Sharyn fidgeted in the third-floor hallway as some guy talked at her, listing things she had to do—and the things she’d better not do, while working in the Capitol. Sharyn was trying to stay in character, but lectures had never been her favorite pastime.
“Remember, young lady,” the guy instructed, “being here is one of the easiest privileges in the world to lose. Ah, here’s Mr. O’Mally. Mr. O’Mally, I believe you’ve met Ms. Baker?”
“I have indeed, Mr. Stanz. In fact, this here’s Andy Forbes, the other new page. Ginger, this is Jerry Stanz, my good right arm.”
Stanz eyed me as if I was something he’d stepped in. “Nice to meet you, Mr. Forbes.”
“You, too,” I said.
O’Mally faced Sharyn. “Ms. Baker, have you been advised of the do’s and dont’s?”
“Yes, sir,” Sharyn replied, courageously suppressing an eye roll.
“You’ll have to forgive us. Normally, a page goes through an orientation that does a slower and more thorough job of it. But given your unique circumstances …”
>
“I understand, sir,” she said.
“Good.”
Stanz asked, “Should I be orienting Mr. Forbes as well?”
O’Mally waved him off. “Ms. Baker can fill him in on the details. For now, Ginger, here’s the bottom line: You do whatever you’re told. You don’t speak unless spoken to and, when in doubt, come to me or Mr. Stanz here. You’ll never get in trouble for asking a question. Clear?”
“Clear,” I said.
He eyed me carefully. “Good. Now let me ask you a question.”
“Okay.”
“You mind me calling you Ginger?”
I looked him right in the eye and replied, “I hate it.”

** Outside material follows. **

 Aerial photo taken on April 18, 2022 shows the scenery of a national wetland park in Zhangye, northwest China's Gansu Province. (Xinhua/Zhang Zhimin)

He burst out laughing. “Finally! A little honesty in this godforsaken building! Andy, my boy, you and I’ll get along just fine. Mr. Stanz, these two will spend the next hour watching our favorite lawmakers in glorious action. Escort them there and make sure they understand the protocols.”
“Of course, Mr. O’Mally.”
The Sergeant at Arms of the United States Senate slapped us both on the back—hard. “Welcome to the Capitol, kids!”

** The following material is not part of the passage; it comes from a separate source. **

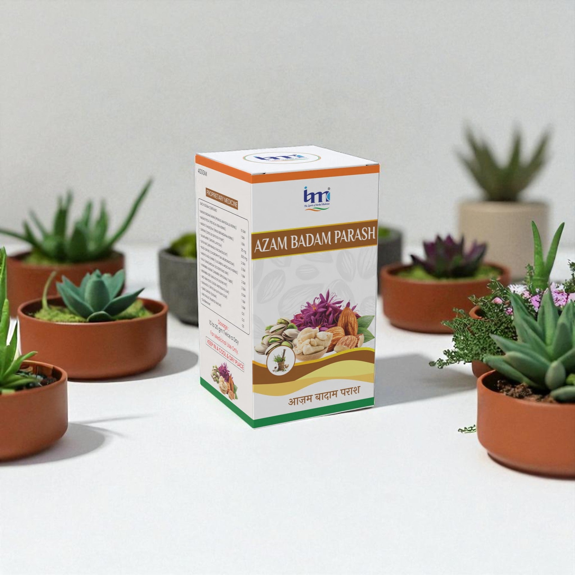 Azam Badam Parash is a rich Unani herbal preparation crafted from a blend of dry fruits, herbs, and natural ingredients. It is a highly nutritious supplement that strengthens the body, boosts energy, improves memory, and enhances overall vitality. Enriched with Badam, Pista, Chilgoza, Kaju, Zafran, Musli Safaid, Salab Misri, and other premium herbs, this tonic is an ideal health booster for all age groups.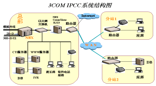 二、3Com IPCC系統(tǒng)組成結(jié)構(gòu)圖:

Know how they tell you never to talk in libraries? Well that’s nothing compared to the gag order in the Senate chamber.
You so much as cough and a guy with a gun glares at you. Shuffle your feet too loud and a hand lands on your shoulder like a twenty-pound weight. And laugh? Well, trust me, don’t laugh.
The chamber is rectangular, two stories high, and windowless, being located in the center of the Capitol’s north wing. On the floor, a hundred polished wooden desks, one for each senator, are set up in a precise semi-circle, all facing a raised platform—called a rostrum, where the president of the Senate, who’s also the vice president of the United States, presides.
Except he wasn’t there today.
Later on, while eating lunch with the other pages, we learned that the vice president is almost never in the Senate chamber. Presiding over the Senate, which means keeping arguments from getting too nasty, is usually assigned to new—or “freshman”—senators.